Willis R Baxter, Al-Hunaishel Mazen, Guerra Luis, Kontio Ken
Division of Pediatric Orthopaedics, Children's Hospital of Eastern Ontario, Surgery, 401 Smyth Road, Ottawa, ON, K1H 8L1, Canada.
Clin Orthop Relat Res. 2009 May;467(5):1294-7. doi: 10.1007/s11999-009-0707-z. Epub 2009 Jan 30.

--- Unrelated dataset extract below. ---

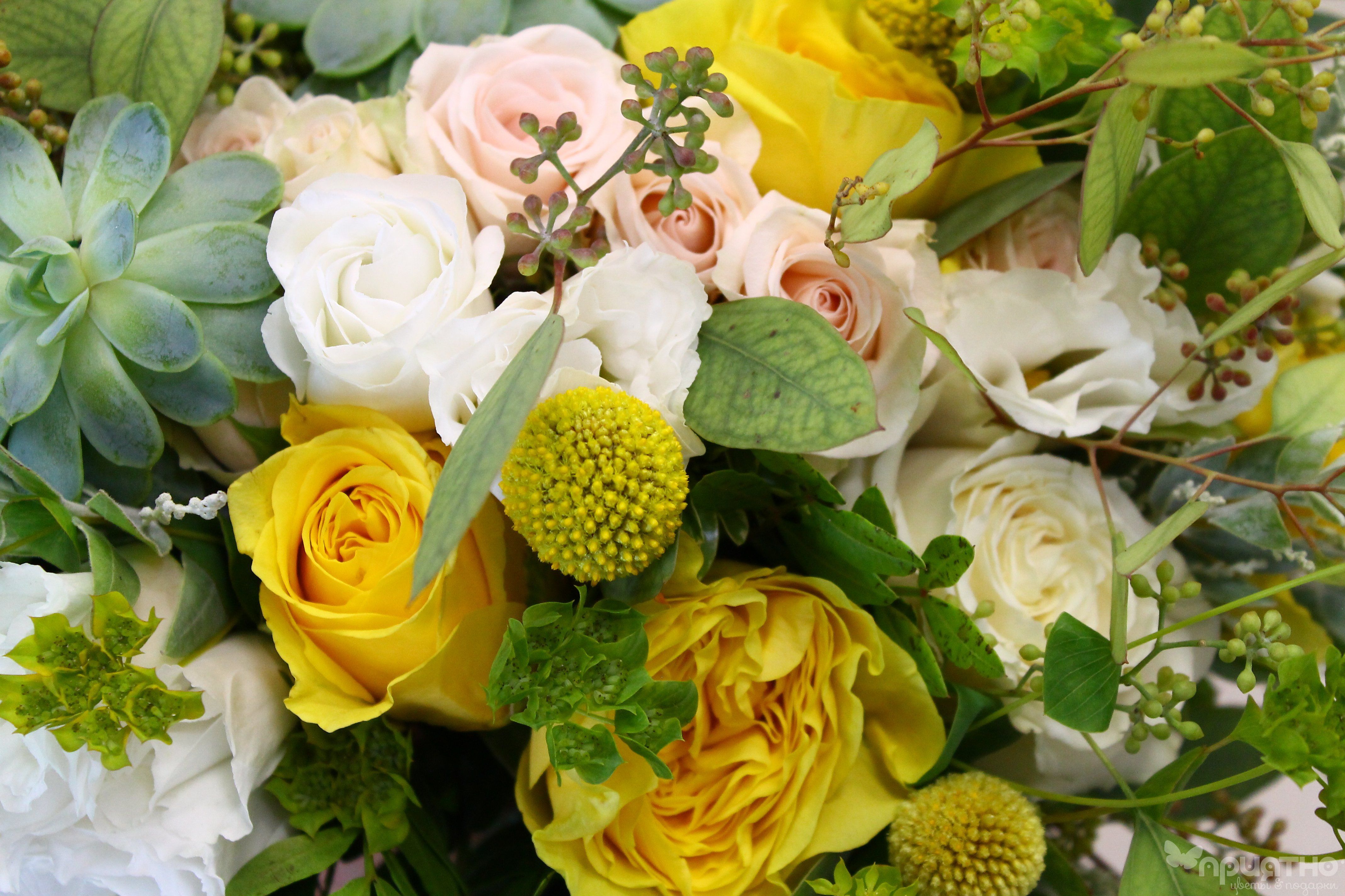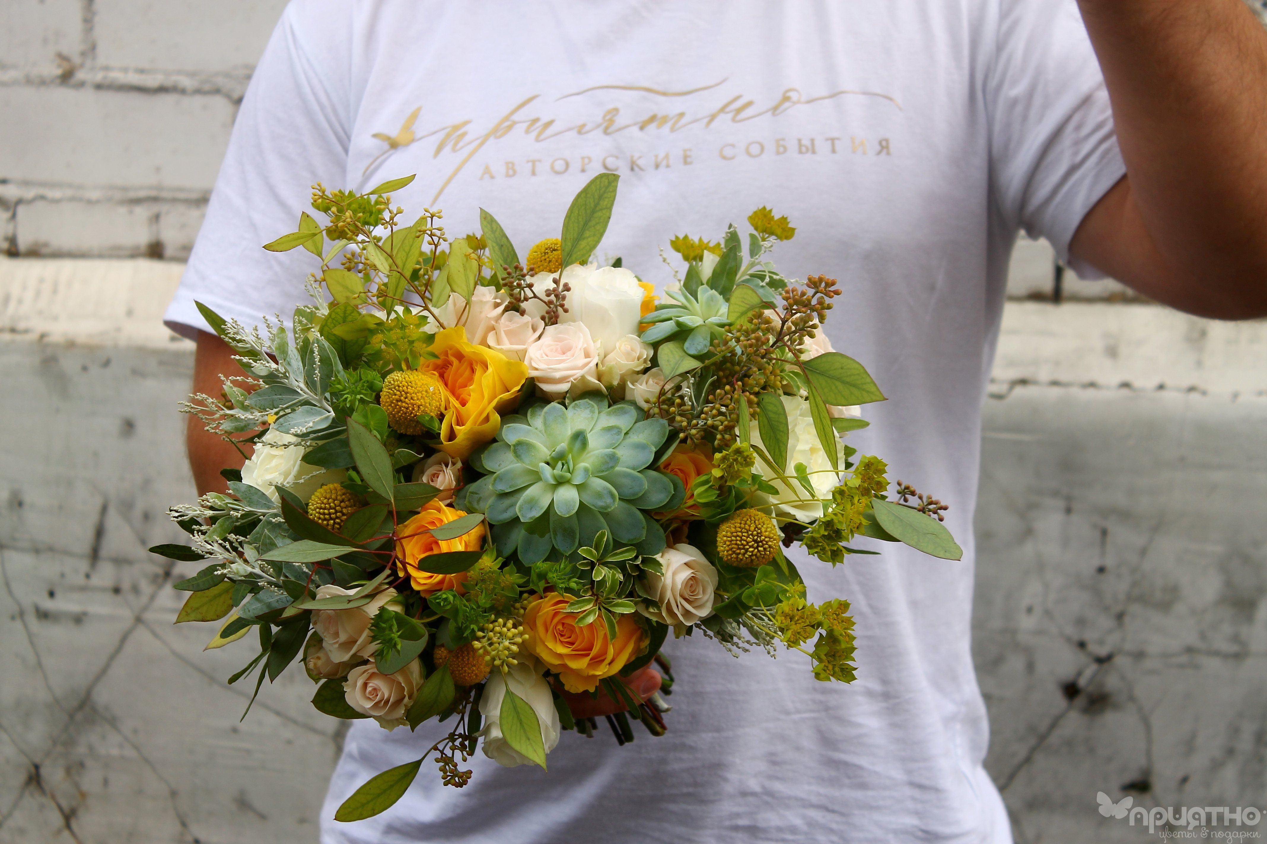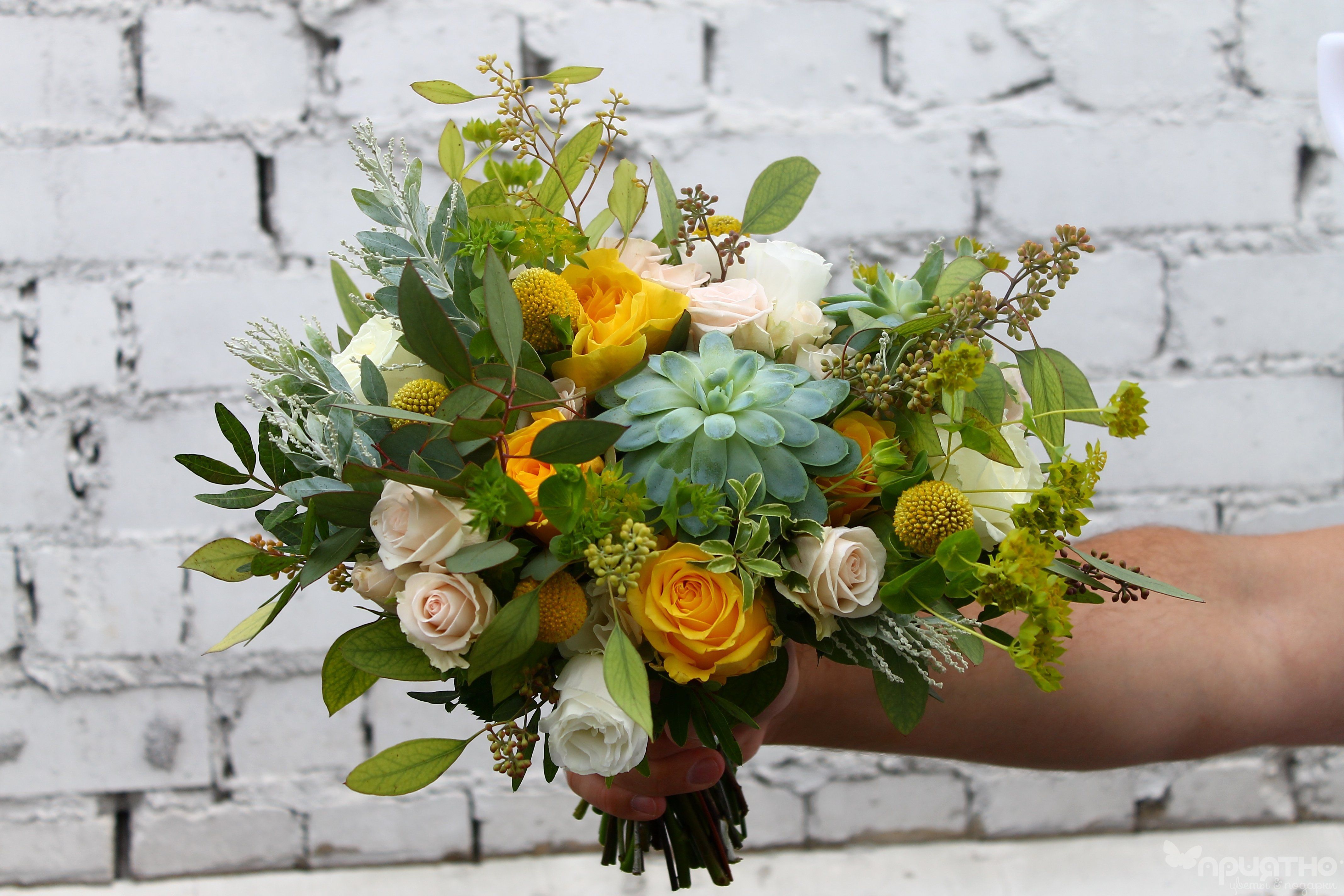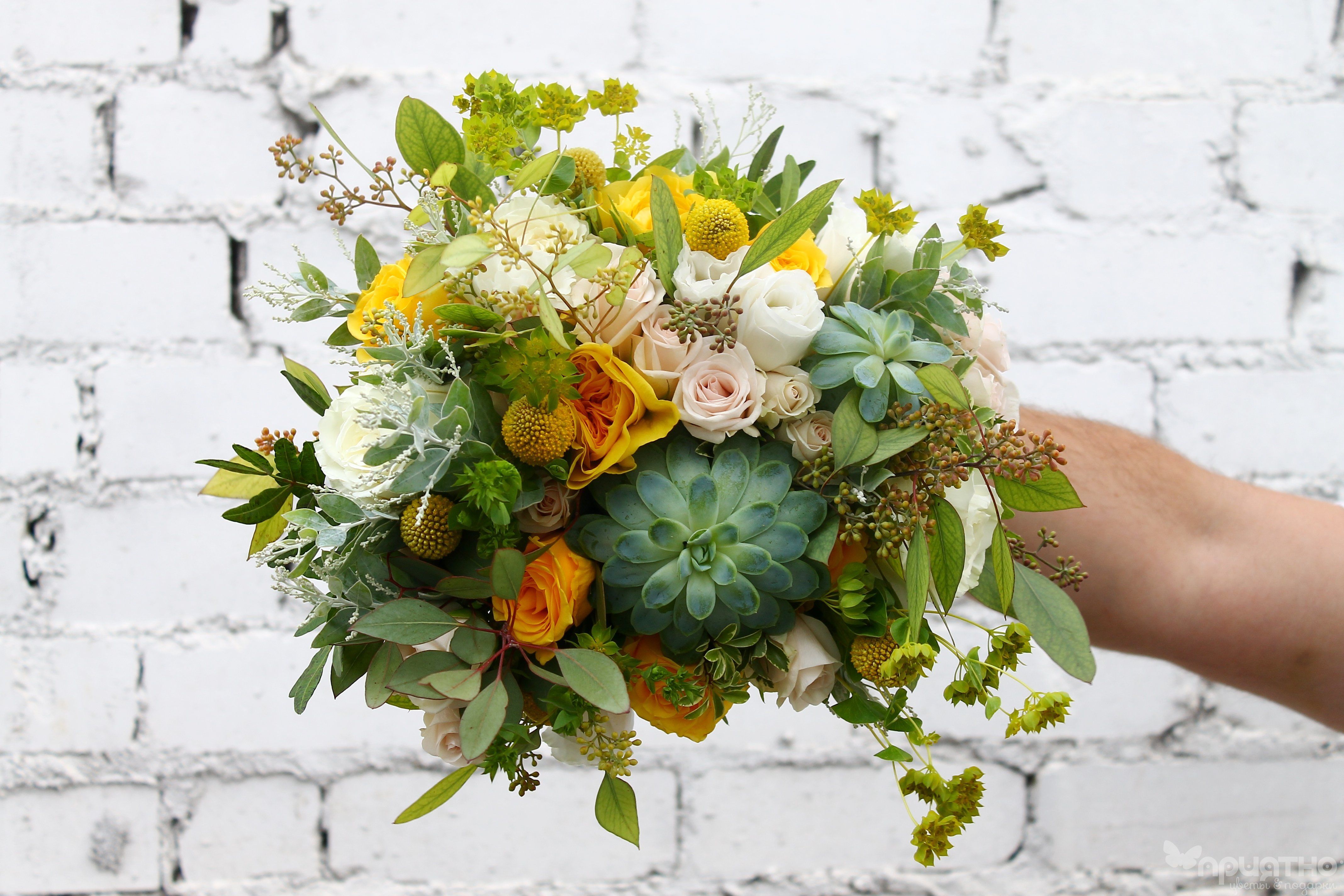 Создайте образ сияющей нимфы! Ваш букет — как луч солнца в весеннем лесу: кристальная чистота белых роз, изумрудная свежесть суккулентов и золотые искры краспедии. С 2015 года соединяем природу и элегантность для самых солнечных невест.

In 1948, Professor Ignacio Ponseti began a nonoperative management form of treatment for severe talipes equinovarus. This method of manipulative treatment became attractive because long-term outcomes demonstrated the majority of feet were pain-free, plantigrade, and functioning at a high level of activity without evidence of degenerative arthrosis. We retrospectively reviewed the charts of 51 children (31 boys and 20 girls; 72 feet) with idiopathic clubfeet deformity treated with the Ponseti method from January 5, 2002, to January 5, 2007. The median age at treatment was 2 weeks (95% confidence limit, 1-2 weeks); there was no difference in age at presentation between boys and girls. The minimum followup was 4 months (mean, 19.8 months; range, 4-48 months). A total of 288 casts were applied (mean, 5.5; standard deviation, 0.92). Successful treatment was defined as a plantigrade foot with a normal hindfoot, midfoot, and forefoot on clinical examination. Correction was achieved and maintained in 90% (65 of 72) of the feet; 10% (seven of 72) of the treated feet did not improve and needed subsequent surgery. There was no difference in the proportion of children who had tenotomy or previous treatment among those who presented with residual deformity or recurrence or had surgery. However, patients who tolerated bracing had lower recurrence rates and underwent less surgery.
Level IV, therapeutic study. See the Guidelines for Authors for a complete description of levels of evidence.
1948年,伊格纳西奥·庞塞蒂教授开始采用非手术方式治疗重度马蹄内翻足。这种手法治疗方法颇具吸引力,因为长期结果显示,大多数足部无痛、能平足行走,且在高活动水平下功能良好,无退行性关节炎迹象。我们回顾性分析了2002年1月5日至2007年1月5日期间采用庞塞蒂方法治疗的51例特发性马蹄内翻足畸形患儿(31例男孩和20例女孩;72只足)的病历。治疗时的中位年龄为2周(95%置信区间,1 - 2周);男孩和女孩就诊时的年龄无差异。最短随访时间为4个月(平均19.8个月;范围4 - 48个月)。共应用了288个石膏(平均5.5个;标准差0.92)。成功治疗定义为临床检查时足部能平足行走,后足、中足和前足正常。72只足中有90%(65只)实现并维持了矫正;10%(72只中的7只)治疗后的足部未改善,需要后续手术。在出现残留畸形、复发或接受手术的患儿中,行跟腱切断术或曾接受过治疗的患儿比例无差异。然而,耐受支具治疗的患者复发率较低,接受手术的次数也较少。
IV级,治疗性研究。有关证据级别的完整描述,请参阅作者指南。